-- Opening Marker --

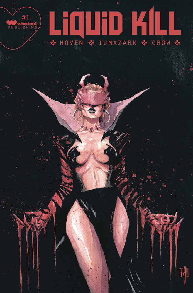 Brazilian pinup artist BRAO (Behemoth/Sumerian) joins the Whatnot Publishing team with this dynamic pose. LIQUID KILL follows sadist-slaughtering vigilantes as they encounter pure evil in a blood-soaked cyberpunk future ( la GHOST IN THE SHELL meets JOHN WICK) written by the creators of the critically-acclaimed series IT EATS WHAT FEEDS IT and artist Gabriel Iumazark (Boom! Studios). For the staff and clientele of a mysterious island hotel, it's just another night of luxury and vice until members of Liquid Kill (a notoriously violent, all-female militia), lay siege. Demanding compliance or death as they gather intelligence, the adrenaline quickly floods the halls as the team eliminates all threats with ease in their search for their kidnapped leader. That is until something is unleashed... something hungry. If there's anyone prepared for the evils on the island, it's these fearless killers, but when the undaunted begin to falter, their foe must be truly monstrous.
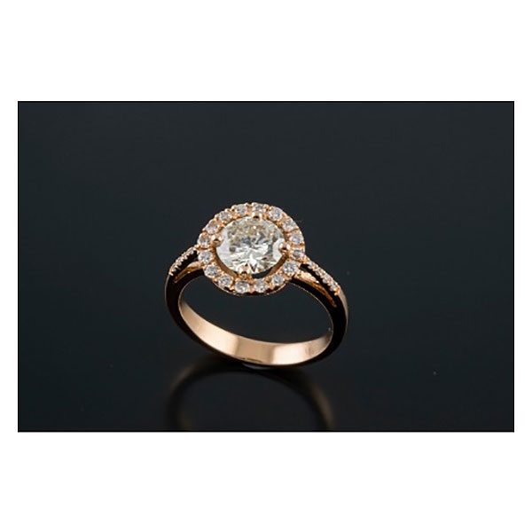 Realizada en oro rosa, compuesta por un diamante central talla brillante montado en garras, peso aproximado: 1.20 ct., orlado por diamantes talla brillante, peso total aproximado: 0.32 ct.
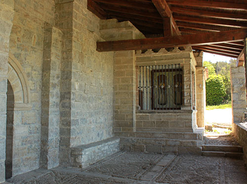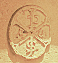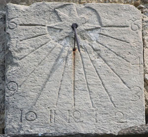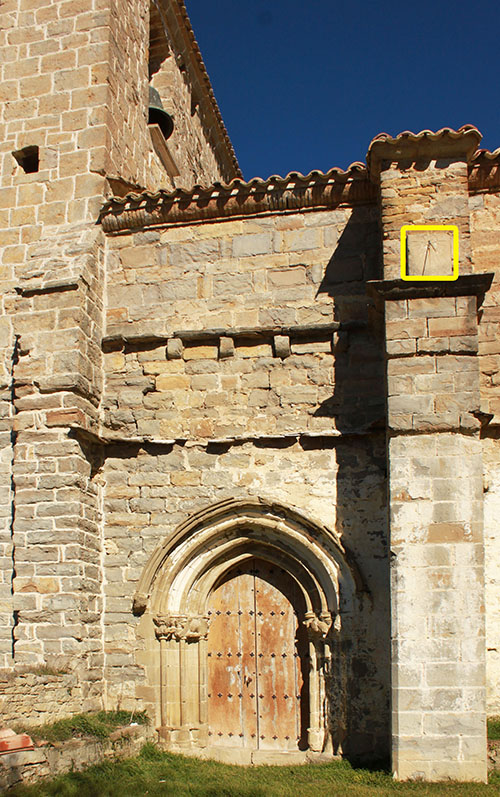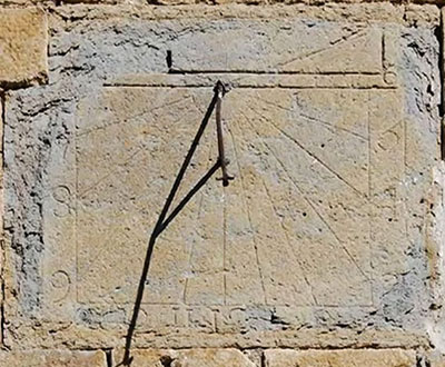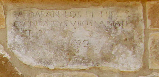 Bajo la ventana derecha por encima del arco, una piedra tiene una inscripción que dice:
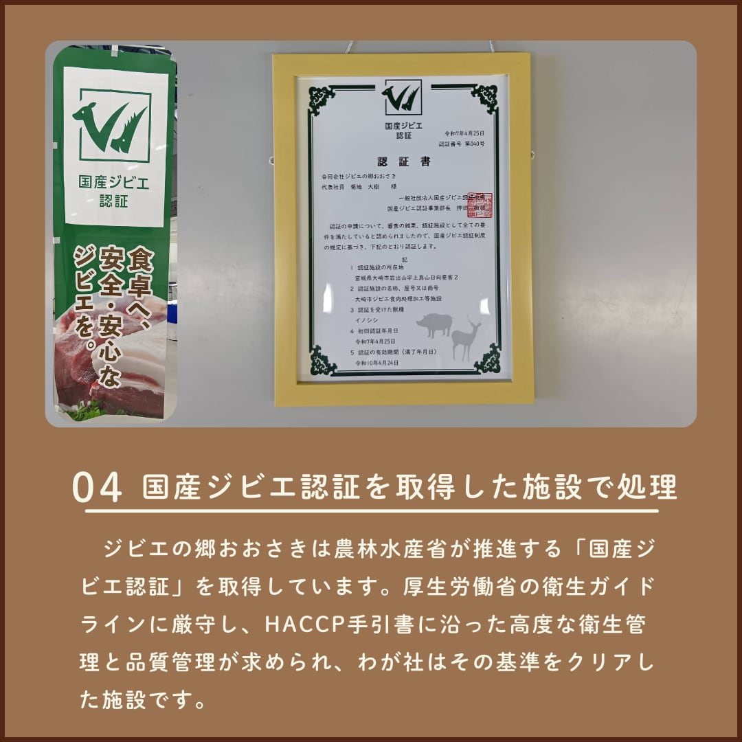 丁寧な「止め刺し」と、捕獲後すぐの搬入・解体による徹底した鮮度管理により、雑味を抑え、イノシシ肉本来の旨味を引き出しています。
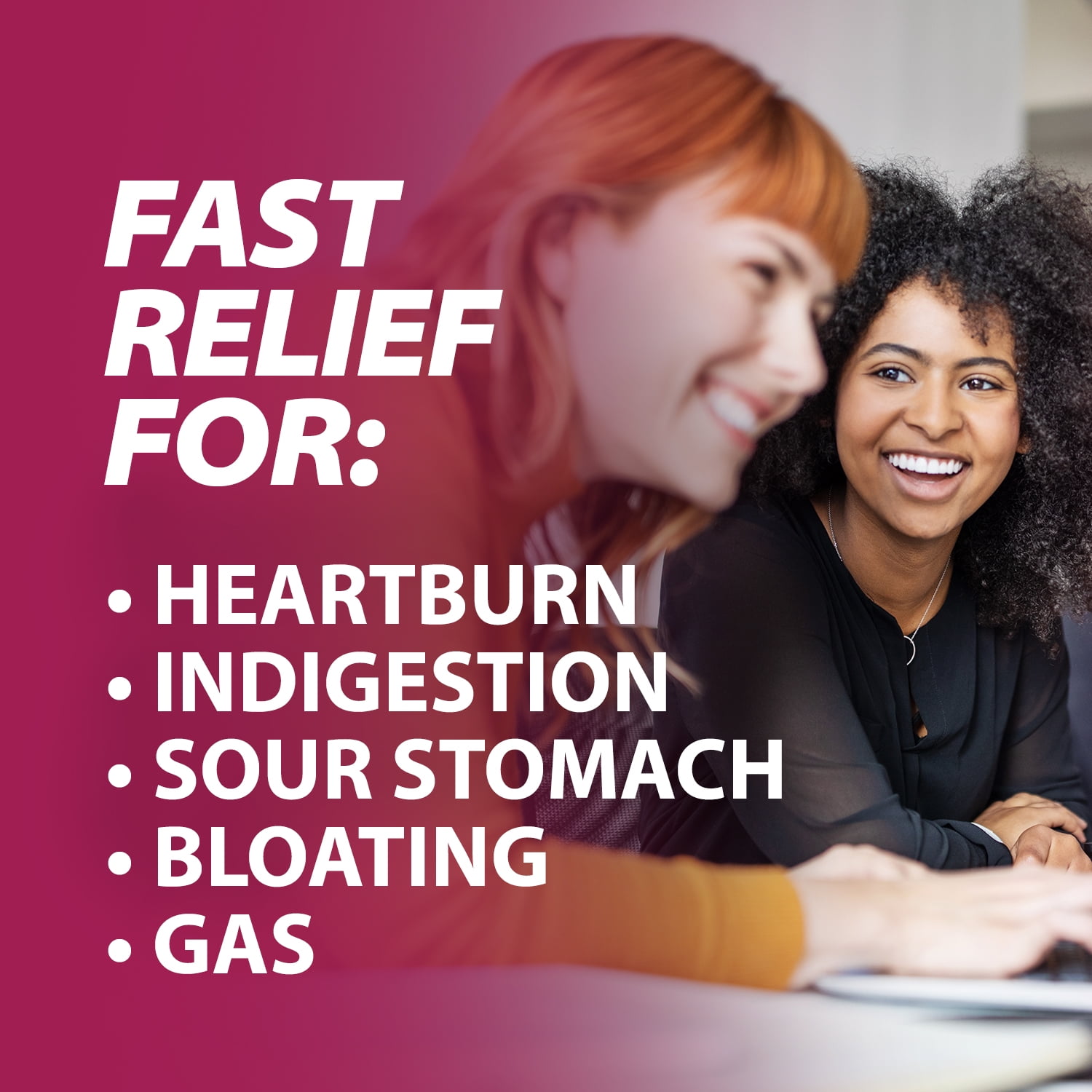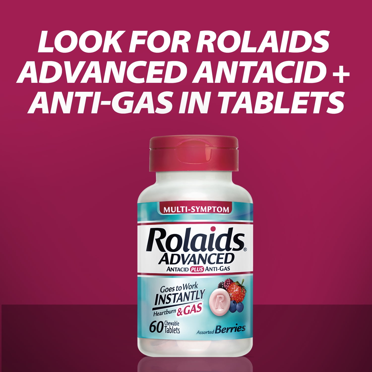 When your heartburn symptoms come with bloating and gas, look to Rolaids Advanced Antacid Plus Anti-Gas Softchews for relief. This antacid soft chew delivers multi-symptom relief including heartburn relief, plus bloating and gas relief so you can get back to being you quicker. Also available in tablet form, new Rolaids Advanced Softchews make heartburn relief great-tasting with a mixed berry flavor and chewy texture. Best of all, Rolaids Advanced Antacid Plus Anti-Gas Softchews neutralize 60% more acid than Tums Ultra 1000.* This 28-count pack of antacid relief comes in a resealable pouch so you can have a few on hand anytime, anywhere you need them. *Acid neutralization does not correlate with symptom relief.
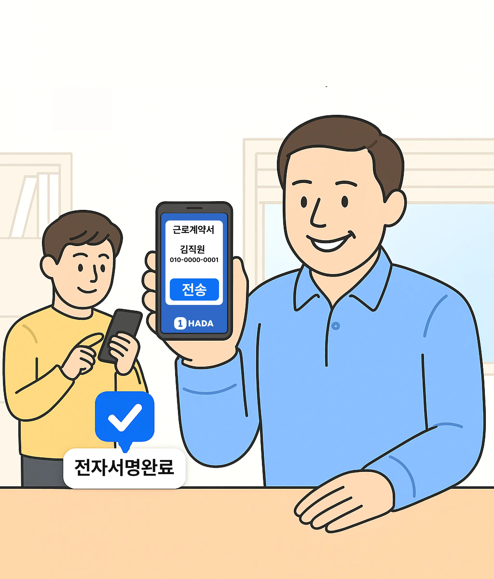직원은 정보입력과 전자서명만 하면 끝! 사장님은 ‘계약완료’ 알림만 확인하시면 됩니다.
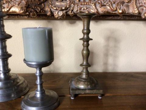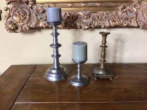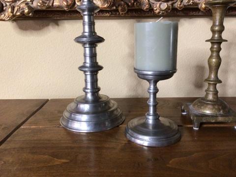 287 - (3) Candlesticks - 2 Pewter & 1 Brass
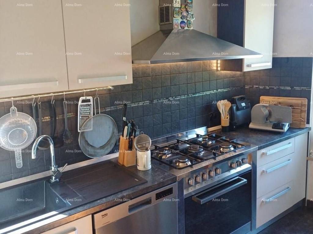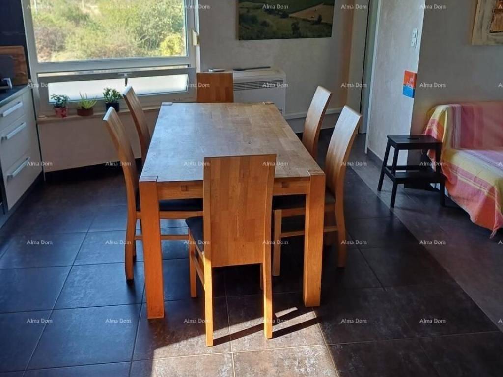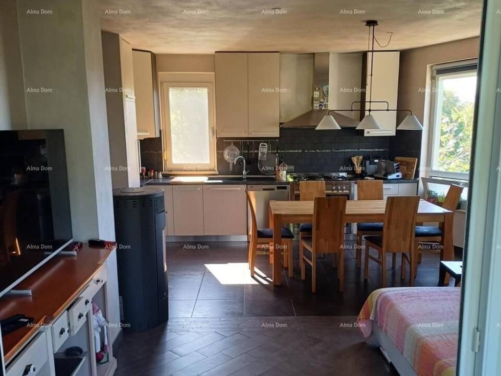An apartment of 89 m2 is for sale, Buje. The living area is 69 m2, and there is also the owner"s garage of 20 m2. The apartment consists of: hallway, 2 separate bathrooms, 2 bedrooms, kitchen with dining room and living room, covered terrace and balcony.Heating and cooling is provided by air conditioners - 2 outdoor units and 4 indoor units in each room - one Mitsubishi. There is also a wood stove in the living room. The windows are aluminum, there are mosquito nets and shutters on all windows. The meter for electricity and water is private, of course it also has an internet connection.The facade is insulated - styrofoam.The apartment is extremely bright because it is oriented east-west. The sun shines on it all day.From the balcony you can see the Bay of Piran and a beautiful sunset.The apartment is sold furnished.For more information, see the following information:Azra+385 91 611 5706+385 98 420 885azra@almadominvest.com

-- Closing Marker --

Would you copy, exactly, each line from the start of the listing above through the line with "丁寧な「止め刺し」と、捕獲後", both ends included, but none of the pictures?

 Brazilian pinup artist BRAO (Behemoth/Sumerian) joins the Whatnot Publishing team with this dynamic pose. LIQUID KILL follows sadist-slaughtering vigilantes as they encounter pure evil in a blood-soaked cyberpunk future ( la GHOST IN THE SHELL meets JOHN WICK) written by the creators of the critically-acclaimed series IT EATS WHAT FEEDS IT and artist Gabriel Iumazark (Boom! Studios). For the staff and clientele of a mysterious island hotel, it's just another night of luxury and vice until members of Liquid Kill (a notoriously violent, all-female militia), lay siege. Demanding compliance or death as they gather intelligence, the adrenaline quickly floods the halls as the team eliminates all threats with ease in their search for their kidnapped leader. That is until something is unleashed... something hungry. If there's anyone prepared for the evils on the island, it's these fearless killers, but when the undaunted begin to falter, their foe must be truly monstrous.
 Realizada en oro rosa, compuesta por un diamante central talla brillante montado en garras, peso aproximado: 1.20 ct., orlado por diamantes talla brillante, peso total aproximado: 0.32 ct.
 Bajo la ventana derecha por encima del arco, una piedra tiene una inscripción que dice:
 丁寧な「止め刺し」と、捕獲後すぐの搬入・解体による徹底した鮮度管理により、雑味を抑え、イノシシ肉本来の旨味を引き出しています。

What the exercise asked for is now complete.